The most common claims are for conditions such as stress, back pain, cancer and heart disease. Leading insurers usually report claim payout rates of over 90 percent. Payouts are usually turned down because the customer didn't read the small print or they weren't honest on their application. For more on what to look out for in a policy see the next two sections.
Key policy options
Listed below are policy options that need some consideration when taking out a new plan:
- Amount of cover – although it is usually possible to insure up to 65 percent of your pre-tax personal income it generally makes sense to consider your essential monthly outgoings and base the amount of cover on expenses rather than earnings. With income protection for directors of a company it is also possible to cover dividends as well as salary
- Length of cover – it is typical to set the policy term to cover you for the number of years left until you will retire, thus protecting lifetime earnings. The most common termination age is 68 years old but some insurers can provide cover up until age 70
- Deferred period – it usually makes sense to align the deferred period with the length of time you would have enough savings to cover your expenditure and, if appropriate, the period of time your employer's sick pay would suffice.
What 'occupation definition' means
Your occupation definition is based on the type of work that you do and the risks associated with it. This is two-pronged - the insurance company looks at the extra risks that your work environment presents such as the risk of falling objects or using heavy machinery as well as how easily you would be unable to carry out your job if you became ill or incapacitated.

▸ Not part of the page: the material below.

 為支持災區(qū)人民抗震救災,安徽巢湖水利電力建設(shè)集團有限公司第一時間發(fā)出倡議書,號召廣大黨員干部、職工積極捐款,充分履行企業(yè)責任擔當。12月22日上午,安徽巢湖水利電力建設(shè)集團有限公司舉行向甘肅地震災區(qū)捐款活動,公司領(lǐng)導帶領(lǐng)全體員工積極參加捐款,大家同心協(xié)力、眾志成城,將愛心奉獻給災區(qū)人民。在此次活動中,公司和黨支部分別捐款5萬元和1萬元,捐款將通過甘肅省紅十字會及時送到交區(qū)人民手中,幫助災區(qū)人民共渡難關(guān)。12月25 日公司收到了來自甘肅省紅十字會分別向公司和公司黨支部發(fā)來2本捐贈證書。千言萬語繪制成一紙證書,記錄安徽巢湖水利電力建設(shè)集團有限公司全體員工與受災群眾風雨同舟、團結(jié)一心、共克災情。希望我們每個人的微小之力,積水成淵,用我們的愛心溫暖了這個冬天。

Own occupation – the policy will pay out if you are unable to do the main aspects of your own job
Suited occupation - a claim will be paid if you are unable to do your own occupation or an occupation to which you are suited through education, experience or training
Any occupation – means that the insurer would only pay out if you could not do any occupation
Work tasks/ activities of daily living - This is the least generous of the incapacity definitions. Basically, the insurer will only pay out if you can't complete a set number of tasks, such as walking upstairs, getting in and out of a car, walking a certain distance or getting yourself dressed
Naturally, the most appropriate policy options will vary from person to person based on their specific circumstances so it is worth speaking to a financial adviser to find a plan with the most favourable terms.

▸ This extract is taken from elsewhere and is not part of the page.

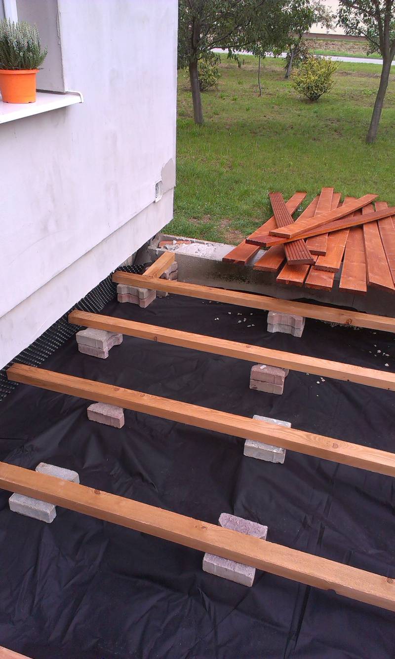 Odizolovanie je doležité, pretože terasou bude pretekať voda voľne a bude vsakovať do zeme, čoby sa však dialo aj v prípade betónovej verzie, takže som nerobil nič navyše. Škoda, že predchádzajúci majiteľ na to nemyslel a narobil mi zbytočnú prácu.

What should I watch out for in an income protection policy?
- Incapacity definition - as shown above, definitions vary considerably and often people will take out income protection policies thinking they are covered should they be unable to do their own job. But this may not necessarily be the case, especially if they have a work task definition.
- Sick pay - if your employer provides long-term sick pay then this will restrict the amount of cover you can have under an income protection policy.
- Cost - income protection policies can be tailored to suit your budget and policies that pay out as soon as you become unable to work will be the most expensive so be realistic about how long you can survive without claiming to keep your costs down. Also, shop around for the best deal but make sure the policies are comparable.
- Non-permanent contracts and introductory periods - some policies may stipulate that you can't claim within a certain time period from the date you started a job or took out the policy.
- Over insuring - as stated, there are limits to the amount of income protection you will be able to take out. If you are being paid by your employer whilst you are unable to work, this will reduce any claim you can make so do factor this into your policy so that you're not paying for cover that you won't be able to claim.